Applied machine learning
This course will expose students to a variety of data mining applications using machine learning methods.
Students who finish this class should:
- Gain an intuitive understanding of basic machine learning methods
- Understand how fitting models can help explore patterns in data
- Understand how to assess models and clustering in different usecases
Prerequisites
- An introductory statistics class
- Basic probability distributions (e.g. Gaussian, binomial distributions and their likelihoods)

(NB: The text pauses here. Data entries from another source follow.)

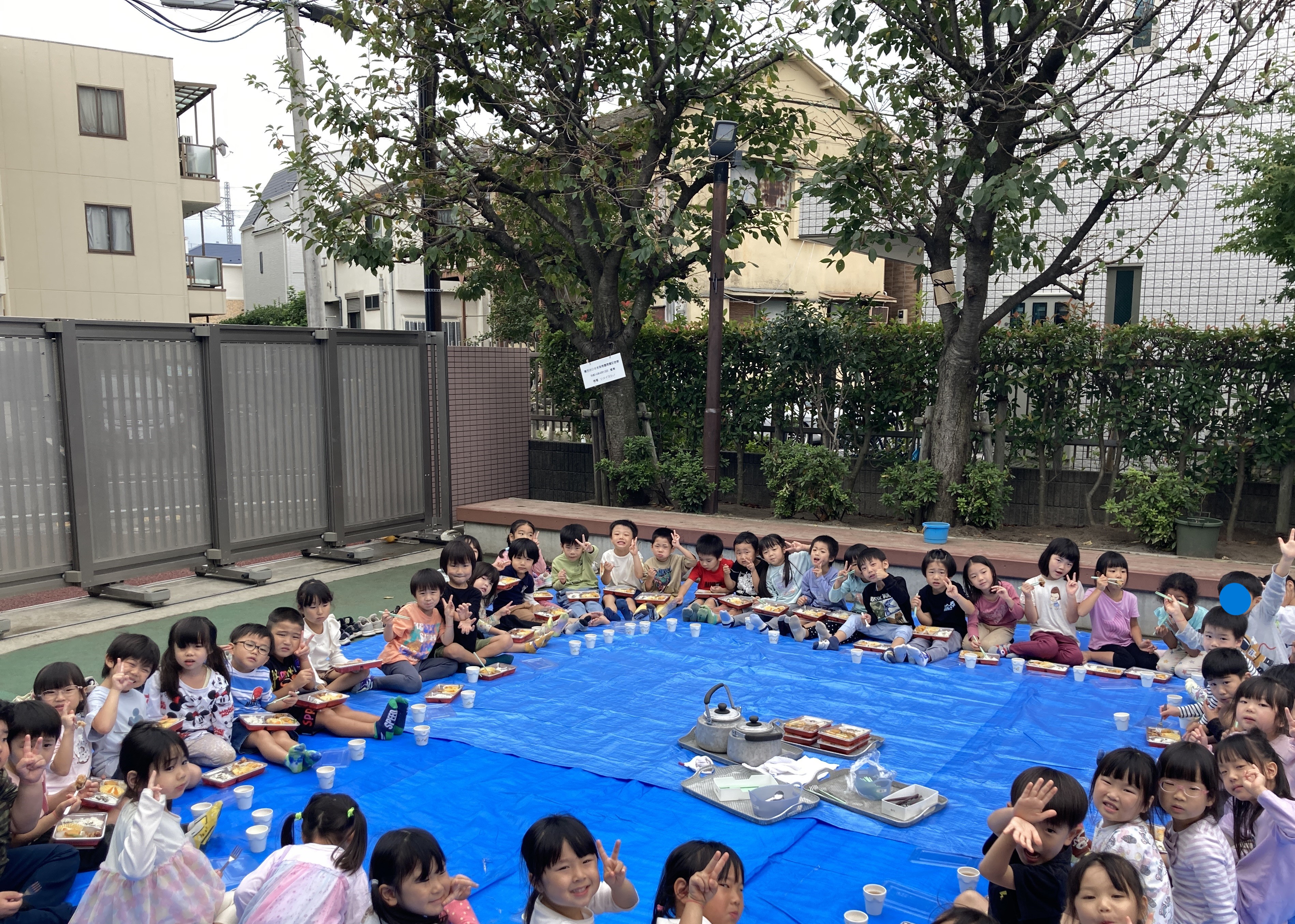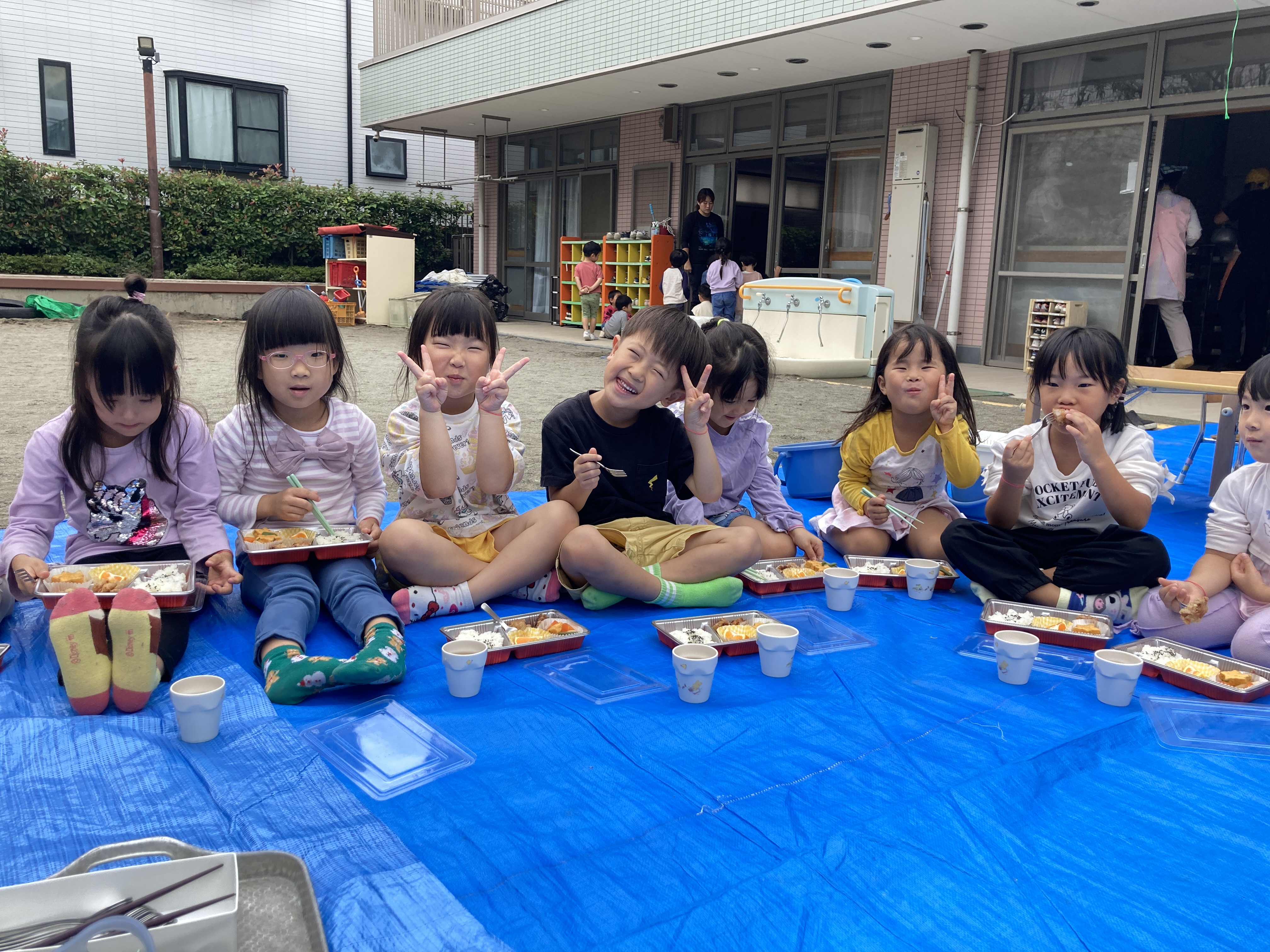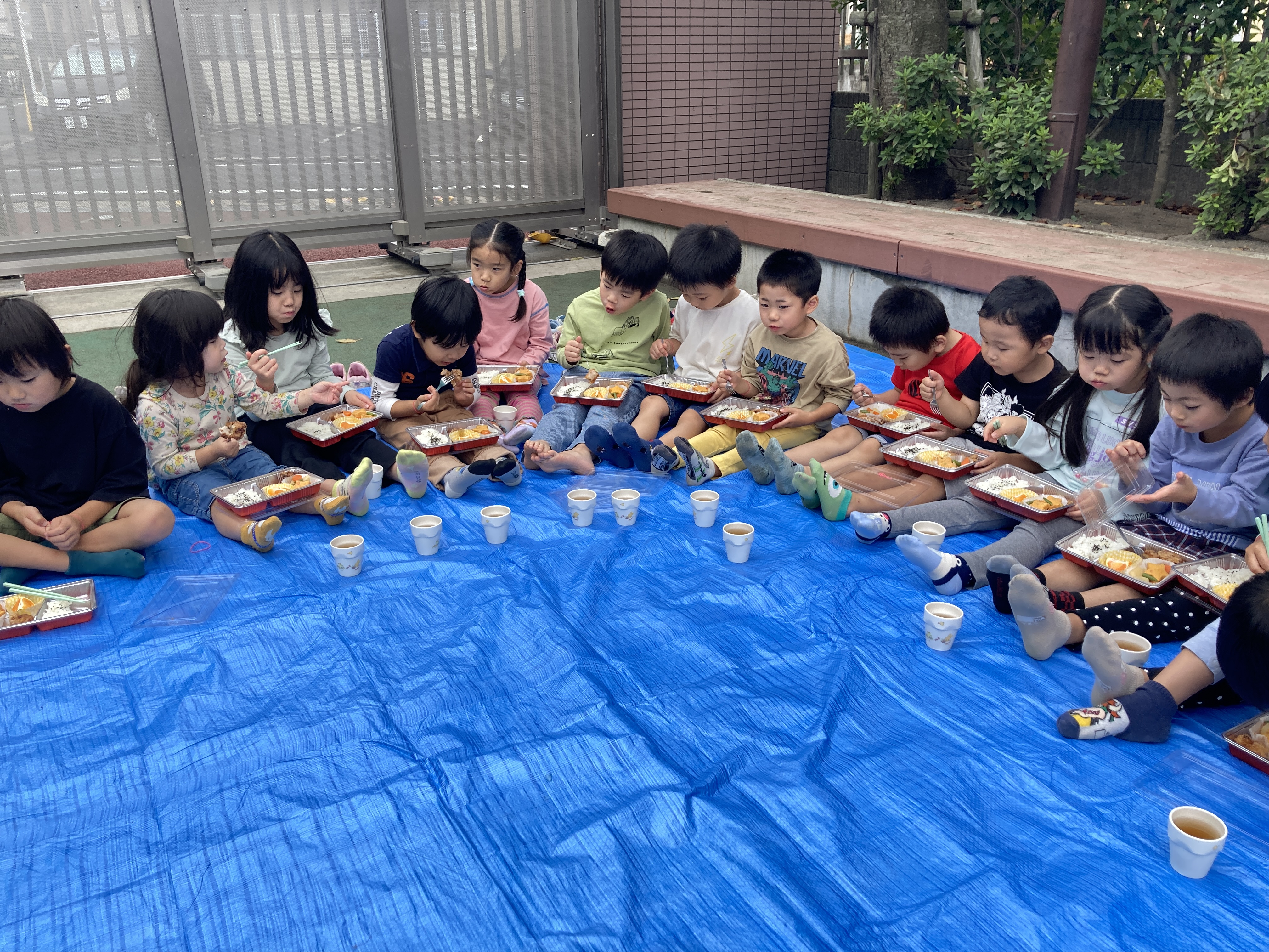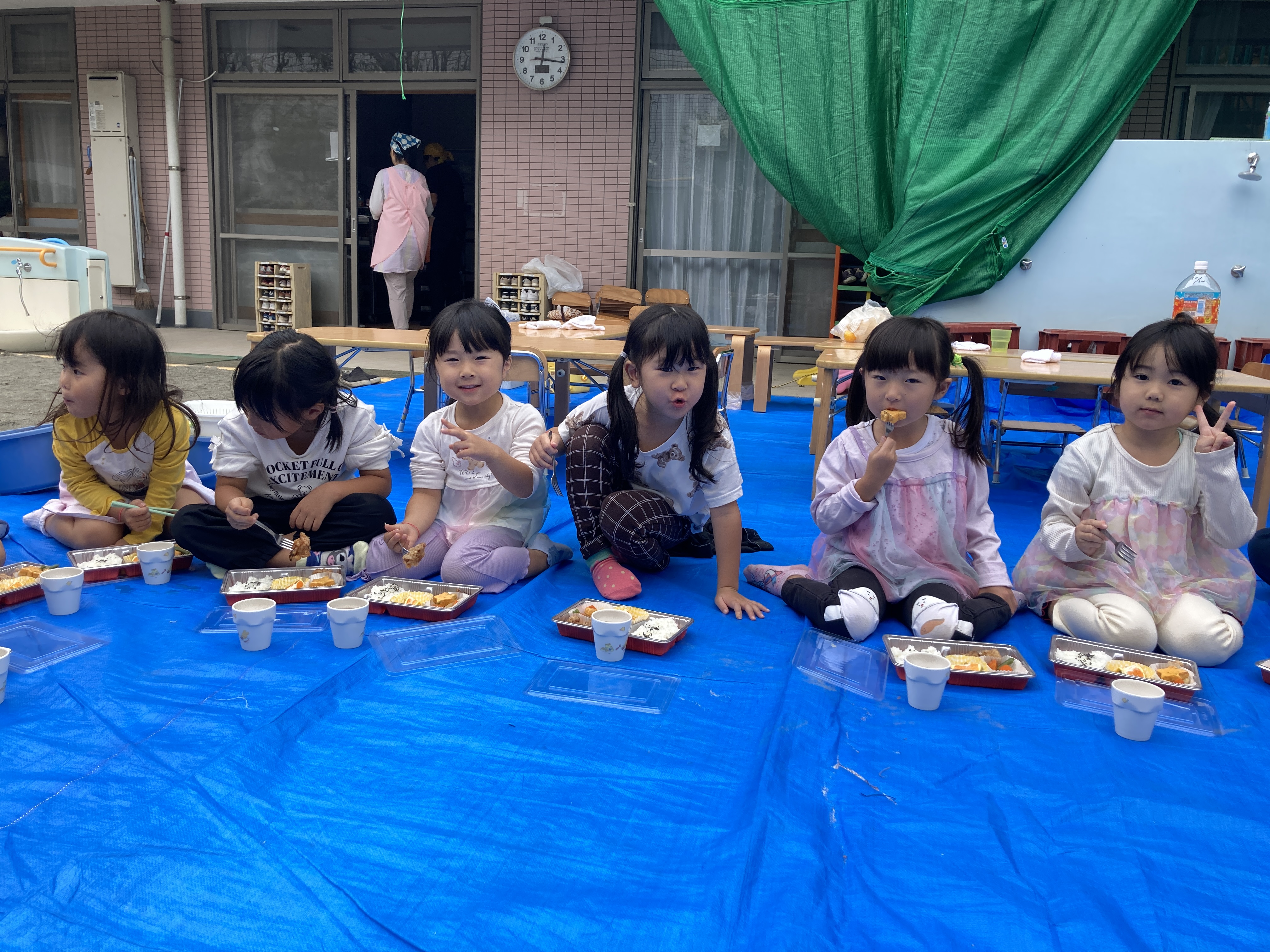 園庭ではひまわり組とゆり組一緒にグリーンテラスにレジャーシートを敷いて食べました。お弁当を受け取ると「美味しそう」「じゃがいもってよく噛んで食べると甘いよね」とお友達と会話を楽しみながらもりもりたべていましたよ。
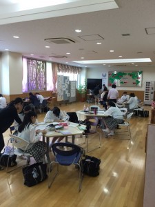 その後、部屋割り発表、夕食、自由時間(研修会場にて質疑応答・交流の場)とあっという間に時間が過ぎていきました。ホテルの部屋割り発表では皆、初対面のペアの人にドキドキでした。夕食後の自由時間には友達の輪を広げようと多数の生徒が開放会場へ足を運んで各々交流していました。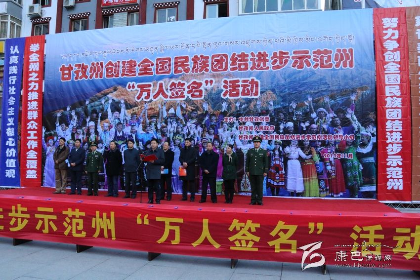 州人大常委會(huì)副主任李致民宣布創(chuàng)建全國(guó)民族團(tuán)結(jié)進(jìn)步示范州“萬人簽名”活動(dòng)正式開始后,州領(lǐng)導(dǎo)汪洋、李致民、楊國(guó)元、范文華、蔣秀英、楊學(xué)康以及甘孜軍分區(qū)、駐州武警部隊(duì)領(lǐng)導(dǎo)同州級(jí)機(jī)關(guān)、志愿者、個(gè)體工商戶、學(xué)生、駐軍、政法干警、康定縣黨政機(jī)關(guān)干部代表近千人,陸續(xù)到“萬人簽名”條幅上簽下了自己的姓名。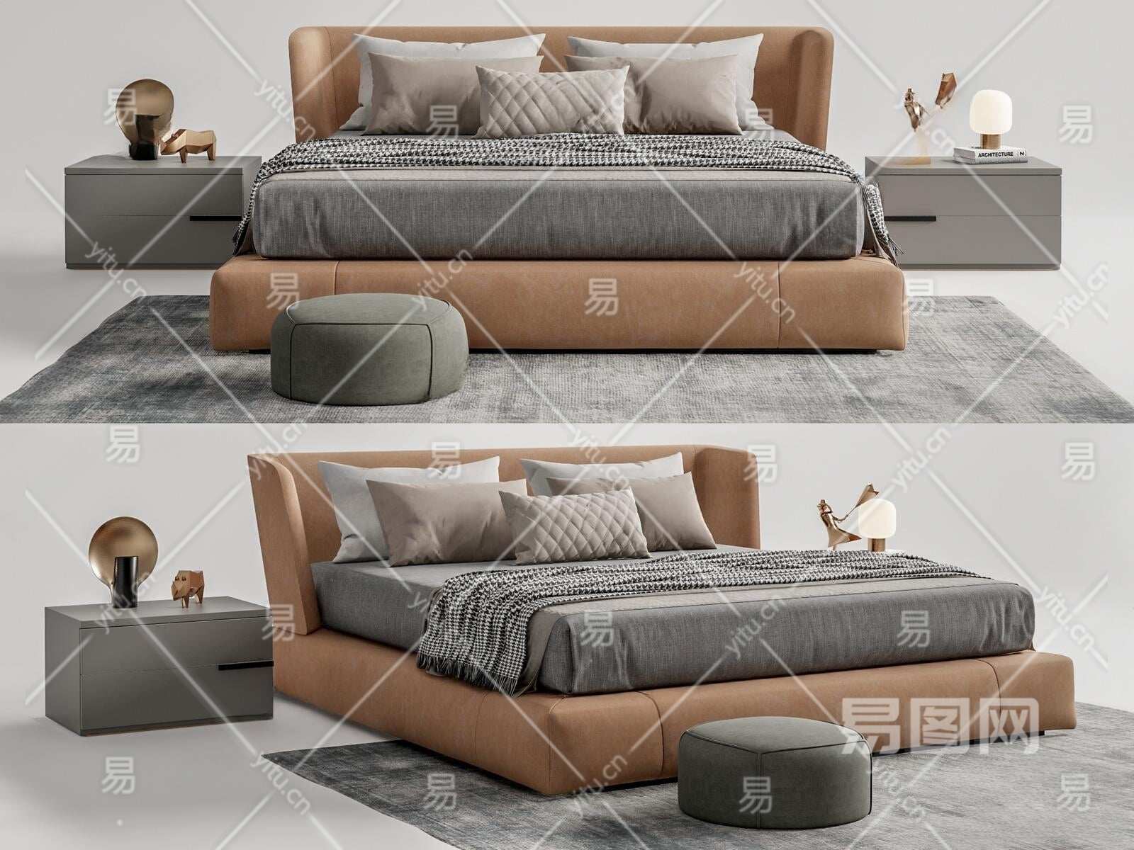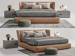 现代双人床3D模型下载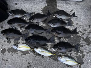 2025-11-24 / 最終更新日時 : 2025-11-24 turikozou 釣果 11/24(月) 天気:☀️ 気温:18℃ 水温:18~18.5℃ 潮周り:中潮 フカセで出船しました。今日は朝から食い渋く苦戦模様でメジナは足裏サイズまででした。その他、アカハタ、シマアジ、ワサなど釣れました。大型のハリス切れもあったようなので今後に期待です。都合により明日25日、27、28日、12/1(月)~5(金)はお休み頂きます。申し訳ありませんがよろしくお願いいたします。 コメントを残す コメントをキャンセルメールアドレスが公開されることはありません。 ※ が付いている欄は必須項目ですコメント ※ 名前 ※ メール ※ サイト 次回のコメントで使用するためブラウザーに自分の名前、メールアドレス、サイトを保存する。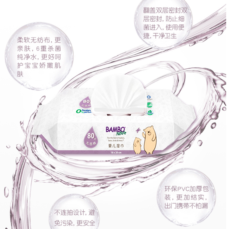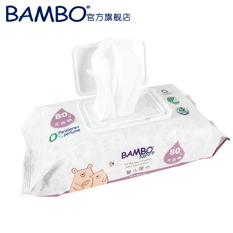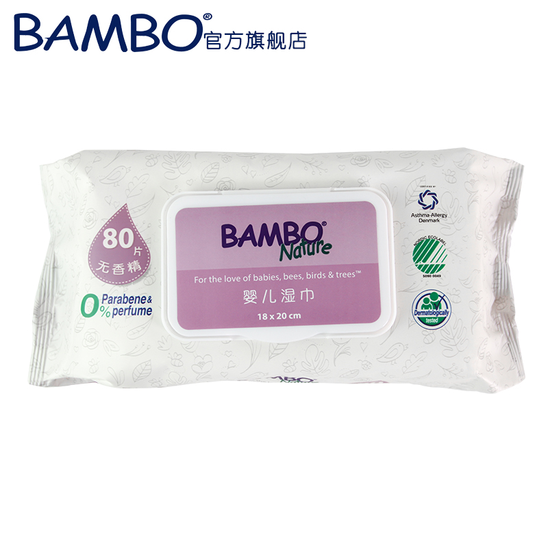 BAMBO Bambo baby clean moisturizing and moisturizing towel 80 pumping 3 bags Swiss SGS certified eco-friendly hand-mouth wet wipes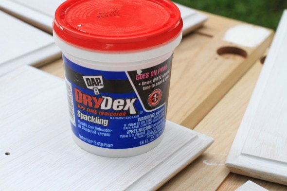 I used DAP DryDex spackle, which is a pretty handy product. It looks pink when you first apply it, and then when it’s dry and ready to sand, it turns white.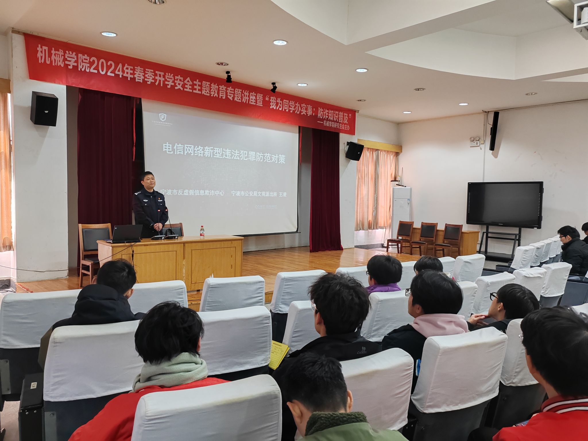 在绣山工程楼三楼报告厅举行2024年春季开学安全主题教育专题讲座暨“我为同学办实事:防诈知识普及”活动。来自全院本研各班级的150名学生代表现场聆听。

- Basic hypothesis testing (e.g. t-test)
- Summary statistics
- Histograms, boxplots, etc
- A computing course involving data wrangling and visualization
- A modeling course that estimated parameters from data
Textbooks / References
- An Introduction to Statistical Learning with Applications in R by Gareth James, Daniela Witten, Trevor Hastie, and Robert Tibshirani
- To collaborate on coding projects, here’s a bare minimum GitHub tutorial. If you ever work officially with code, you should also look into the concept of branches and reviews which are not covered in the tutorial.
Timeline
I reserve the right to change the ordering and the content for the course throughout the semester.
Logistics
Lectures: TuTh 2:40pm - 3:55pm, 602 Hamilton Hall
Teaching Team
- Wayne Tai Lee (wtl2109)
- OH: TuTh 12-2pm at 324 Uris Hall
- Matt Shen (ms7079)
- OH: Monday 11:30-1:30pm at 324 Uris Hall
Online Discussion
The TA and grader will check the online discussion for 30 minutes each weekday. Do not expect an immediate response so please start your work early and understand that you should post your questions more clearly.
Grading
If your final grade is in [93-100], you will earn at least an A, [90-93) will earn at least an A-, [87-90) will earn at least a B+, etc. A grading curves may occur depending on the class performance but I will not curve downwards. I may not give out A+’s in this class.
- Homeworks (20%)
- Late homeworks will receive 0 credit
- Homeworks will receive 0 credit if the code + write up is not submitted in both the .ipynb/.Rmd AND the knitted PDF or HTML form.
- Projects (70%)
- Late projects will be penalized by 50% for each day it’s late.
- Projects should be submitted on Canvas
- Participation (10%)
- Instead of attendance, in class activities, recorded through Canvas, is how we’ll grade this.
- If you surpass 75% here, you’ll receive the full credit for participation.
Acknowledgement
A lot of these materials are based off the materials from Prof Vincent Dorie.